Anthony Teso
Publicación original en: Links International Journal of Socialist Renewal (1 de mayo de 2026)
El ensayo de Dan La Botz, “Adiós a Lenin y al leninismo”, enjuicia a Vladimir Lenin por los resultados de la revolución rusa, vinculando directamente los métodos bolcheviques a la tragedia subsiguiente: la supresión de la oposición, la Checa, el levantamiento de Kronstadt, la prohibición de las fracciones y la erosión de la democracia soviética. La fuerza de este enjuiciamiento es innegable; estas tragedias son hechos históricos (Bhatti, Shah y Bharti 2025, 1-20).
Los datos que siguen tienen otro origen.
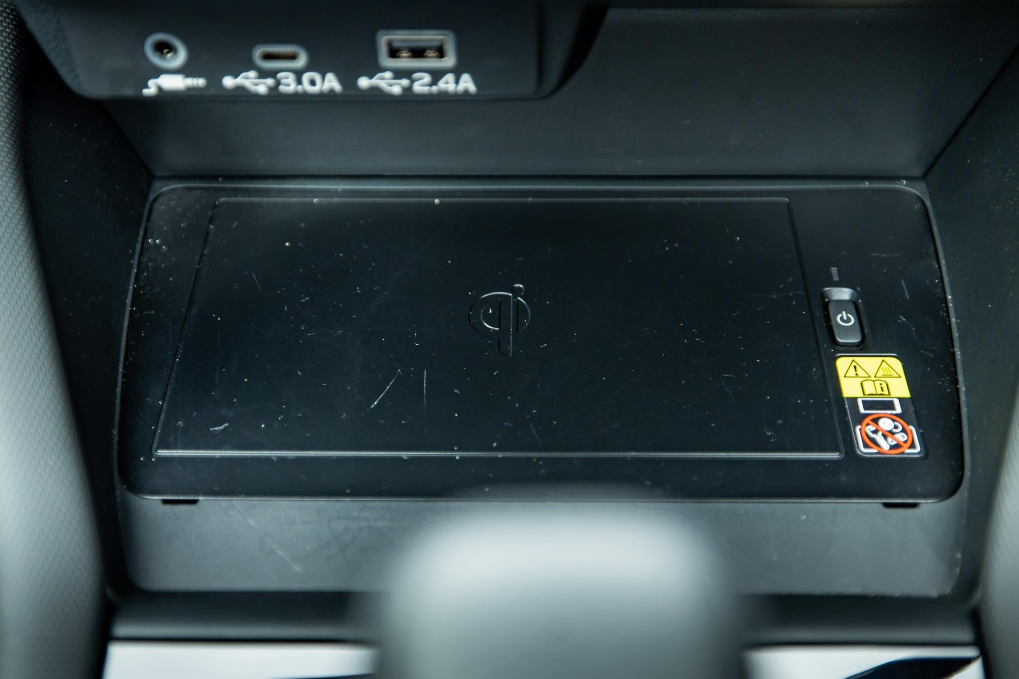 Keeping the kids happy are directional air vents, plus USB-A and USB-C ports, but this one doesn’t come with heated rear outboard seats, despite there being blank plates in the back telling you what you’re missing out on.

Pero un marxismo que se niegue a enfrentarse a la derrota abandona sus propios cimientos críticos.
El argumento de La Botz se debilita por su forma de enmarcar la historia. Interpreta la degeneración de la revolución como, en primer lugar, un producto de los defectos morales de Lenin, esencialmente abstraídos de su contexto material: guerra civil, invasión extranjera, colapso económico, hambruna, fragmentación social y aislamiento internacional. Lenin aparece en escena como una tragedia moral, en vez de como un agente histórico informado por fuerzas objetivas. Una aproximación como esta sustituye el análisis histórico materialista fundamentado en las condiciones concretas por la condena moral.
La Botz destaca el “efecto trinquete”[1], sugiriendo que cada medida autoritaria creó las condiciones para una mayor represión. Aunque la supresión de la Asamblea Constituyente, la Checa, el comunismo de guerra, el Kronstadt y le prohibición de las fracciones restringieron sin duda la democracia obrera, la metáfora del trinquete aplana la complejidad de estos procesos. Las revoluciones no son secuencias mecánicas; cada decisión bolchevique estuvo informada por las presiones cambiantes y coercitivas de la guerra, la hambruna, el sabotaje y la desintegración social.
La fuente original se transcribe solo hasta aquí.